Question

Calculate $\mathit{\Delta }{\mathit{\epsilon }}^{\mathbf{0}\mathbf{\text{'}}}$and $\mathit{\Delta }{\mathit{G}}^{\mathbf{0}\mathbf{\text{'}}}$for the light reactions in plants, that is, the four-electron oxidation of H₂O by NADP⁺.

Short answer

The values of${\mathrm{\Delta G}}^{0\text{'}}=438\mathrm{kJ}/\mathrm{mol}$ and ${\mathrm{\Delta \epsilon }}^{0\text{'}}=-1.135\mathrm{V}$.

Step-by-step solution

Obtaining values of Δε0'and ΔG0'

The values of ${\mathrm{\Delta \epsilon }}^{0\text{'}}$and ${\mathrm{\Delta G}}^{0\text{'}}$are obtained from the figure of the Z-scheme photosynthesis.

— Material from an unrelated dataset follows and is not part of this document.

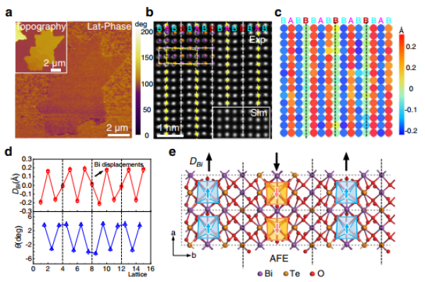 圖4.插層誘導(dǎo)的反鐵電相。a、具有反鐵電性樣品的PFM;b-d、反鐵電樣品中的原子尺度極化分布及晶格畸變分析;e、弛豫后的反鐵電相結(jié)構(gòu)模型。

Calculating the number of electrons

The value of ${\mathrm{\Delta \epsilon }}^{0\text{'}}$is found to be;

$\begin{array}{c}{\mathrm{\Delta \epsilon }}^{0\text{'}}=-0.320\mathrm{V}-0.815\mathrm{V}\\ =-1.135\mathrm{V}\end{array}$

From the following reaction, the number of electrons is obtained;

$2{\mathrm{H}}_2\mathrm{O}\to 4{\mathrm{H}}^{+}+{\mathrm{O}}_2+4{\mathrm{e}}^{-}$

Therefore, the number of electrons was found to be 4.

Calculating the change of free energy

$\begin{array}{c}{\mathrm{\Delta G}}^{0\text{'}}=-{\mathrm{nF\Delta \epsilon }}^{0\text{'}}\\ {\mathrm{\Delta G}}^{0\text{'}}=\left(-4\right)\times \left(96,485\mathrm{C}/\mathrm{mol}\right)\times \left(-1.135\mathrm{V}\right)\\ =438000\mathrm{J}/\mathrm{mol}\\ =438\mathrm{kJ}/\mathrm{mol}\end{array}$

Hence, the value of ${\mathrm{\Delta G}}^{0\text{'}}=438\mathrm{kJ}/\mathrm{mol}$and ${\mathrm{\Delta \epsilon }}^{0\text{'}}=-1.135\mathrm{V}$.